The selection of variables for matching is guided both by argumentation and by availability, emphasizing observability. Even with high matching quality, there always remains a statistical uncertainty that is challenging to quantify. To address this uncertainty, a sensitivity analysis was conducted to assess to which degree potential unobservable determinants could be distorted before the identified treatment effects become insignificant.
To examine the robustness of the results, Rosenbaum-Bounds [42, 43] were employed, as detailed in Supplement 3 in S1 File.
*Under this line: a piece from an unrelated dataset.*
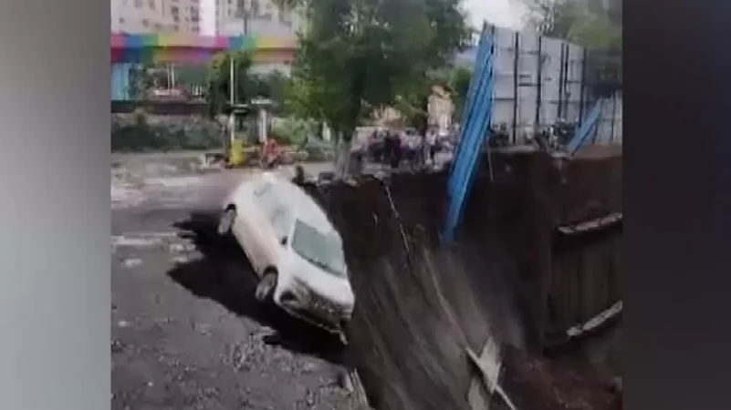 A video of the incident went viral on social media, in which a white car was seen slipping down into the excavated area when the road caved-in.

In essence, Rosenbaum-Bounds model a parameter, Γ, which represents the degree of distortion in the assignment of subjects to treatment and control groups due to both observed and unobserved characteristics. A Γ of 1 indicates a randomized sample, with no difference between treatment and control groups and no confounding. The larger Γ, the more substantial the modeled imbalance between treatment and control groups [27]. A treatment effect is considered ‘robust’ if the null hypothesis (the assumption that the entire effect is due to confounding) is rejected even for larger Γ. Significant treatment effects with a Γ of 2 are described as very robust [44].
As we are estimating positive treatment effects, our focus is primarily on potential overestimation. The upper-bound significance level (sig+) in Tables III-3 in S1 File indicates whether the assumption of overestimation must be rejected. Unlike PSM, Rosenbaum-Bounds are median-based, which may lead to variations in the significance level [27].
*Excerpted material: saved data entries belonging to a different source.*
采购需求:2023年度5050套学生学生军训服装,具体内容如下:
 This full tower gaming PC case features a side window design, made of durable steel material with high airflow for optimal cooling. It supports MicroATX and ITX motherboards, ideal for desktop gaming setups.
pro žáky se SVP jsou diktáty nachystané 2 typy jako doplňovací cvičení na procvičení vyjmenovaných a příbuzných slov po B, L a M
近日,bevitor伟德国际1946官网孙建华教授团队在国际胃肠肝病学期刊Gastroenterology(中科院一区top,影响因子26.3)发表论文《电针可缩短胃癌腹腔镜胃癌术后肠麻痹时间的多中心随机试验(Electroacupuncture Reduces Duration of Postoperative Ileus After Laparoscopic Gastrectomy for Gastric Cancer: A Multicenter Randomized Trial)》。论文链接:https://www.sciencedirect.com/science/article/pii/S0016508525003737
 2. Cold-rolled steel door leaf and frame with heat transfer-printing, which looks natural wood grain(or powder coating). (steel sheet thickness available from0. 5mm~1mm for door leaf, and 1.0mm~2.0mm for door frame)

The calculations of Rosenbaum-Bounds in Supplement 3 in S1 File reveal three categories for treatment effects in our study: Firstly, for OSCE stations and skills such as Physical examination, PVC, rectal examination, and IM injections, FP has a substantial effect on OSCE performance, even when large confounding is modeled (Table III-3a, III-3g, III-3i, III-3j in S1 File). Secondly, there are OSCE stations, including neurological examination, anamnesis, and diagnosis, where FP has no effect on exam success regardless of the equality or inequality between the treatment and control groups (Tables III-3b-d in S1 File). Thirdly, for the medical skills venipuncture and ECG, treatment effects become significant only when large confounding is modeled. This suggests that the observed differences between FP and No FP are explained by unobserved factors.
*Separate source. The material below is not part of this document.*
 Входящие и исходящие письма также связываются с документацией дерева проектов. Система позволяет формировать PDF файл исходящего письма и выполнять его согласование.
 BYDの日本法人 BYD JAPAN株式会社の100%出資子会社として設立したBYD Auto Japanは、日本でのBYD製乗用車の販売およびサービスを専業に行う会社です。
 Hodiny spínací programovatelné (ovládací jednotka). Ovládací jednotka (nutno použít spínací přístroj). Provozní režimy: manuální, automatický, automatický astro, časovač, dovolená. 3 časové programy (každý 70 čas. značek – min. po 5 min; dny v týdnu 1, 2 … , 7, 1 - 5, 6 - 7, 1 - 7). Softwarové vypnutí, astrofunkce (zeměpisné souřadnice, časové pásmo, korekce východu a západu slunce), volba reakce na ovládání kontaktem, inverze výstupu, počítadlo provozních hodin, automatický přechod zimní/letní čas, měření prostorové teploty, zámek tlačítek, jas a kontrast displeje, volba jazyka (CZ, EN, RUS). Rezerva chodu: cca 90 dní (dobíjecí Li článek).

We further tested the robustness of our results by varying the matching parameters. For instance, we examined scenarios involving solely sociodemographic factors, including participants’ age, or exclusively factors associated with exam success. Additionally, for the OSCE stations Physical examination, neurological examination, Anamnesis, and Diagnosis we tested the division between “practiced only in the Skills Lab” and “FP only outside the Skills Lab” (i.e., the data collected in the year 2023). None of these variations significantly altered the estimated ATT (not shown in tables).
Discussion
In this study, we empirically tested the concept ‘assessment drives learning’ in the context of voluntary, free practice (FP) for an undergraduate OSCE in the second year of study at Hannover Medical School. We examined whether the anticipation of a complex assessment motivated students to prepare accordingly, and whether this training had positive effects on performance in the respective parts of the OSCE. To avoid interfering with students’ exam preparation and in order to be able to draw causal inferences, we employed the quasi-experimental approach of Propensity Score Matching (PSM).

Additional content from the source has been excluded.